Let us conclude from these experiments, that the influence of the direction of the arteries upon the course of the blood, is much less than is commonly thought, and that all the calculations of mathematical physicians upon the delay of the blood from this cause, rest upon unsubstantial foundations. There is no doubt that when the fore arm is strongly bent, the pulse is weakened, stops even, and it is essential when we feel the pulse that the arm should be extended; but this phenomenon does not depend upon the angle the artery forms; it arises from this, that the muscles that press it, contract its caliber and even obliterate it. This is so true, that the different curves of the internal carotid are much more evident than the single curve that the brachial then forms, and yet the circulation is performed there very well. Besides, open an intercostal artery which has but few curves, the force with which the blood will be thrown out is not stronger than it would be from the radial, &c. If the whole arterial system was empty and the blood going from the heart filled it successively, as this fluid would strike against the arterial curvatures, it would undoubtedly experience some delay. It is on this account that in our injections a tortuous artery is slower in filling; as the spermatic for example often remains empty. But in a number of tubes full of fluid, it is wholly different; the impulse received at the beginning of them is suddenly propagated into all the cavities that form them, and not by a successive progression, as I shall say hereafter.

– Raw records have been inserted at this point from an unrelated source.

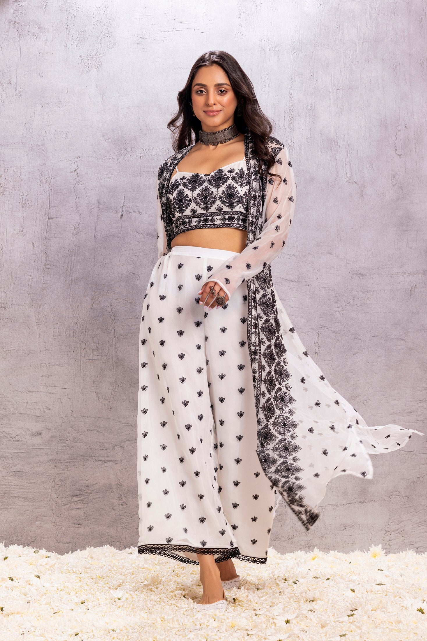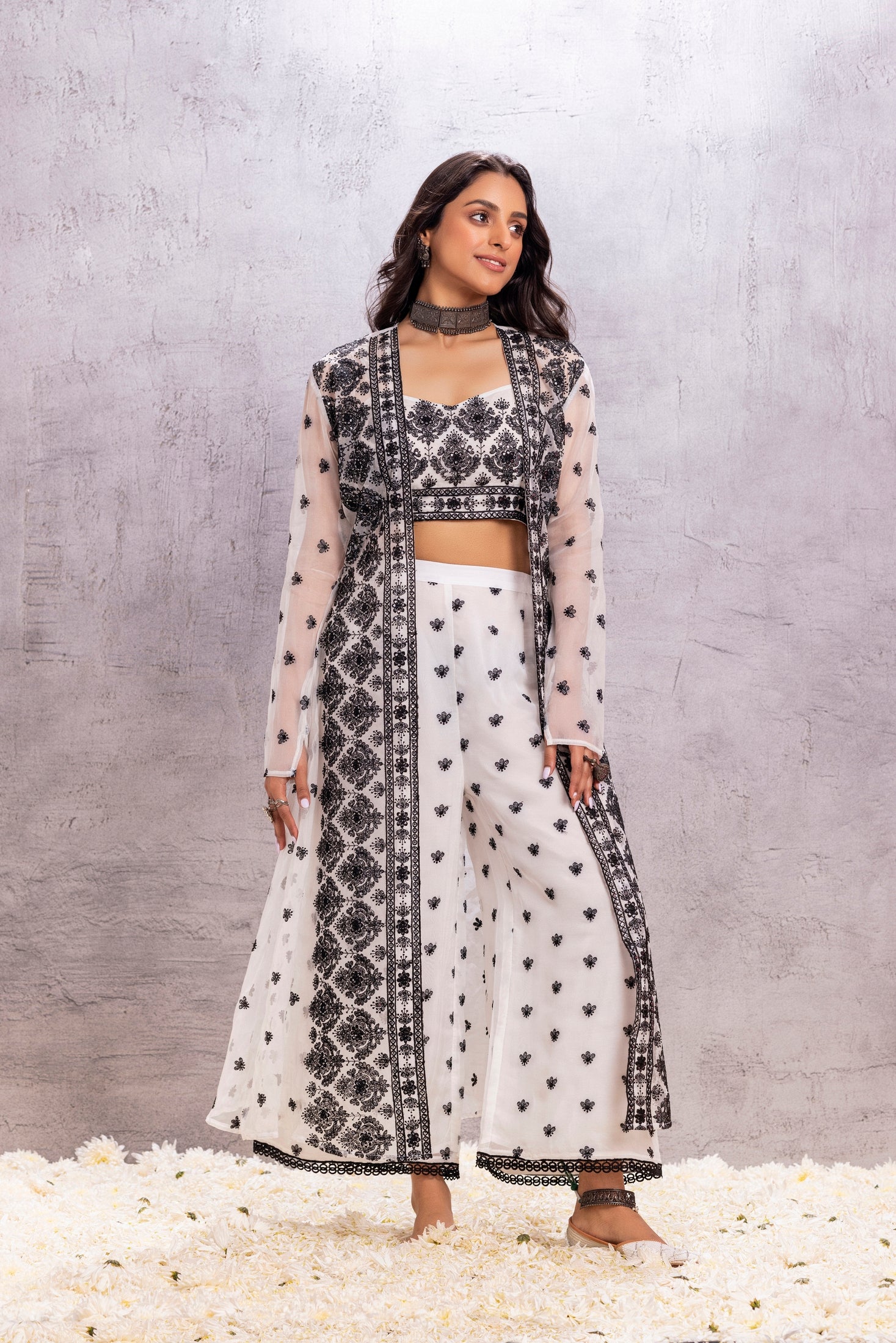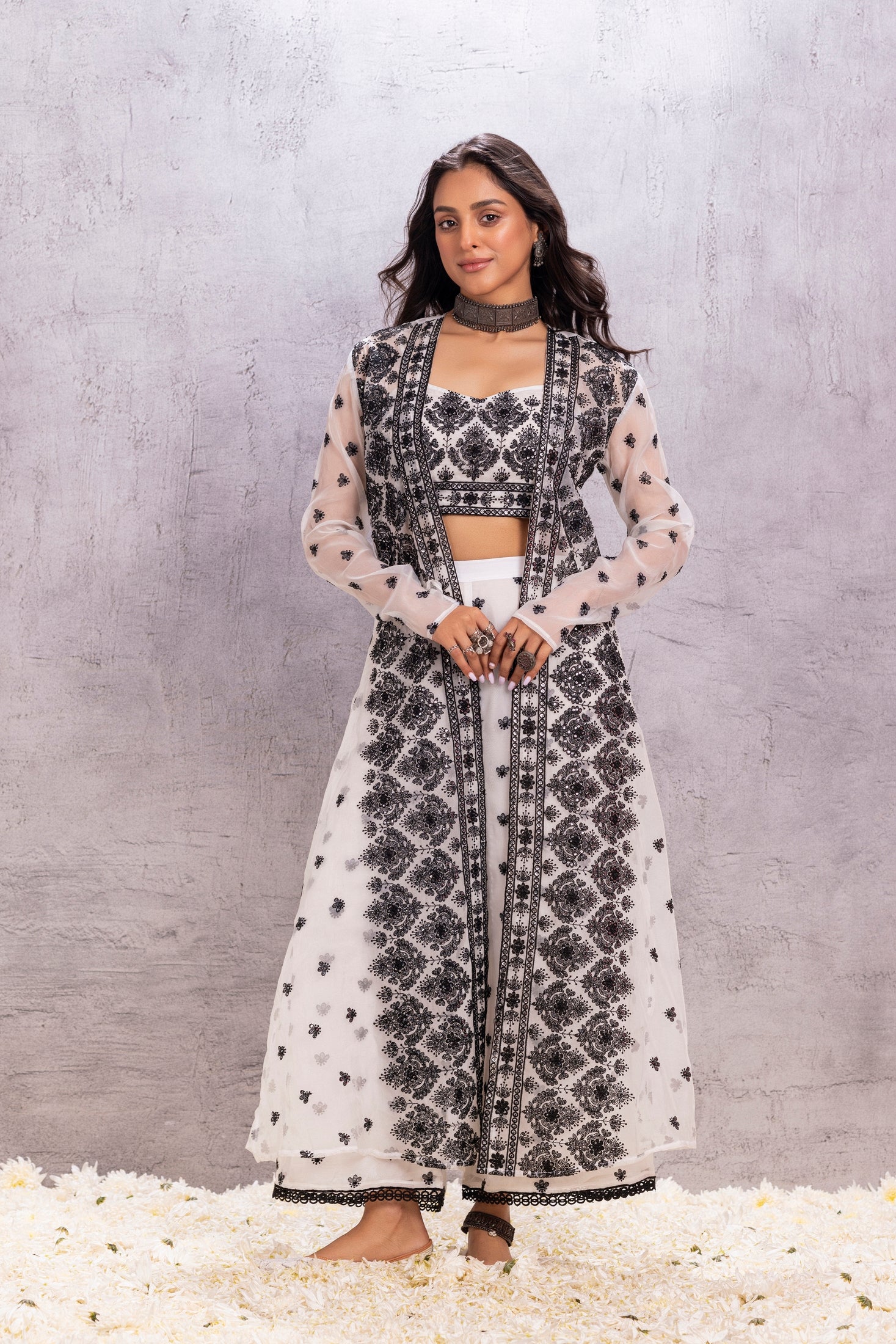 Off-WHITE AND BLACK EMBROIDERED INDO-WESTERN SET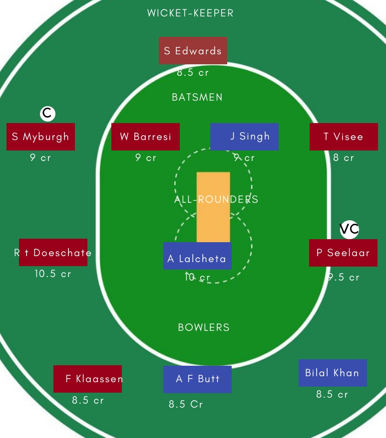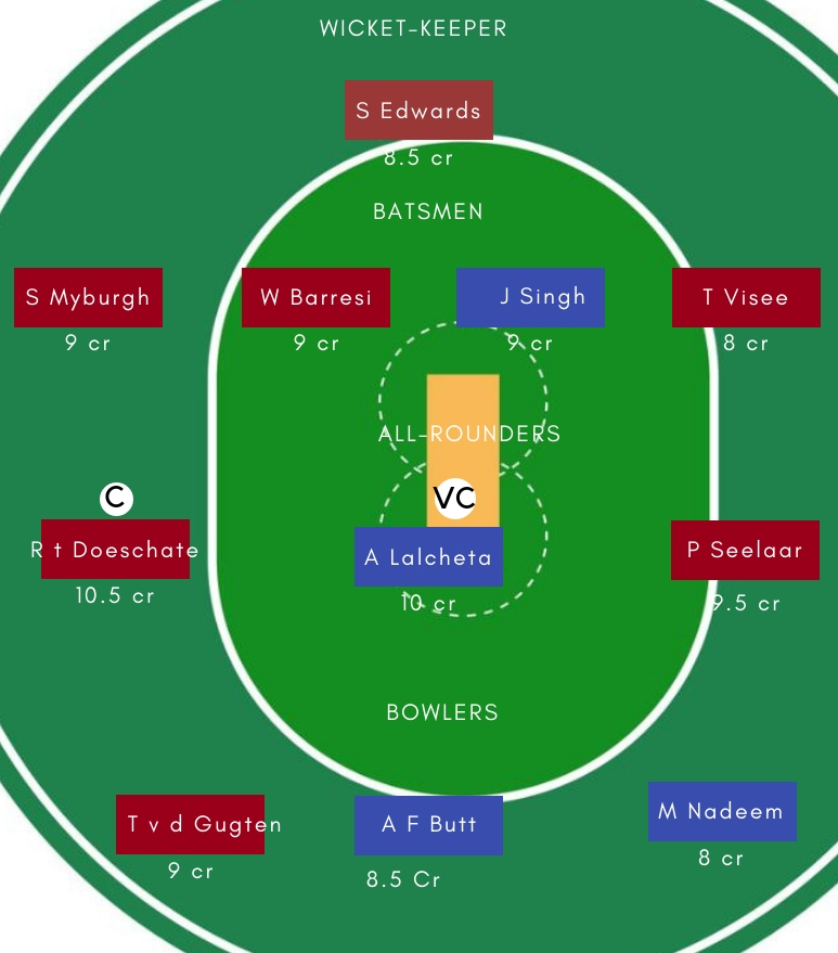 बल्लेबाज – बल्लेबाजी में Jatinder Singh,Stephan Myburgh, Wesley Barresi, Tobia Visee सबसे अच्छे विकल्प होगें। Tobia Visee ने पिछले मैच में शानदार अर्धशतकीय पारी खेली थी। वही, Jatinder Singh पिछले मैच में रंग में नजर आए थें।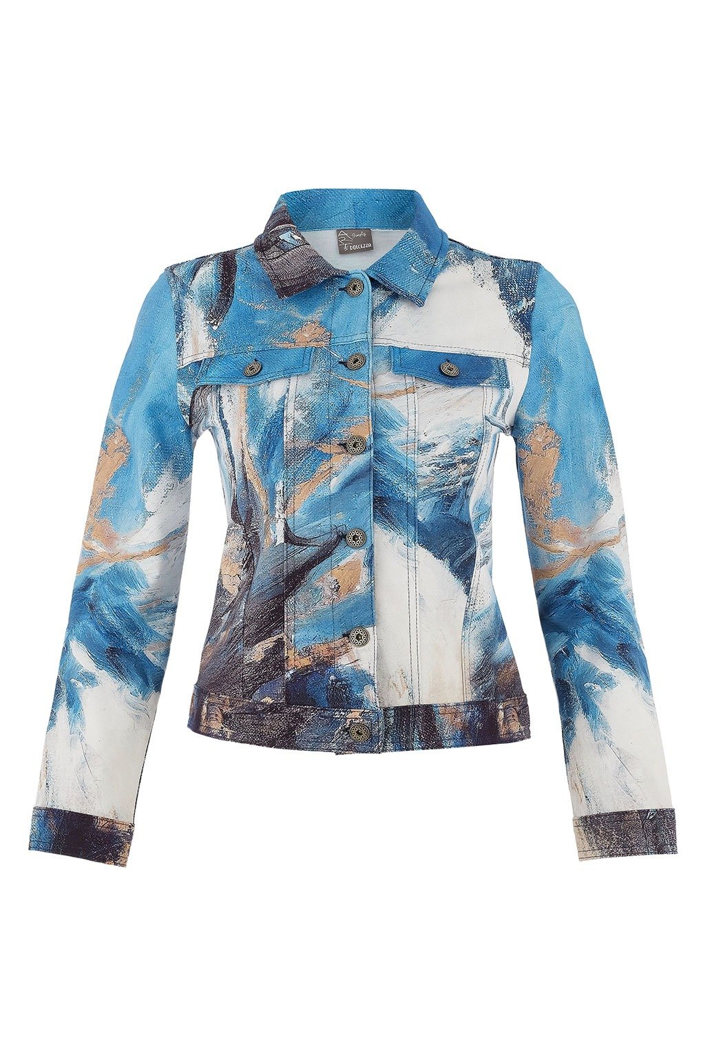 Dámska bunda Dolcezza z denimu s originálnym abstraktným vzorom spája ležérny a poloelegantný štýl, takže sa stane univerzálnym kúskom tvojho šatníka. Má pohodlný regular fit strih, siaha do bokov, zdobí ju golier, zapínanie na gombíky a dlhé rovné rukávy. Praktické detaily v podobe gombíkov a vreciek dodávajú bunde každodennú využiteľnosť, zatiaľ čo podiel elastanu v materiáli zaisťuje príjemné nosenie.

The arterial curvatures are adapted to the different states in which the organs may be found. We see them very evident in those which are subject to an alternate dilatation and contraction, for example in the intestines, the lips, and the whole face. In the fœtus, when the testicle is in the abdomen, the artery is very tortuous. When this gland descends, the artery untwists and takes the straight course it has in the adult. In the motions of the womb, the bladder, the pharynx, the tongue, &c. these curvatures perform an important part in the preservation of these organs. In the fractures of the lower jaw, they prevent the rupture of the artery that traverses this bone, a rupture which the displacing of the bone would produce without them. By them the arterial system is preserved unhurt in the violent and oftentimes forced motions that the limbs perform.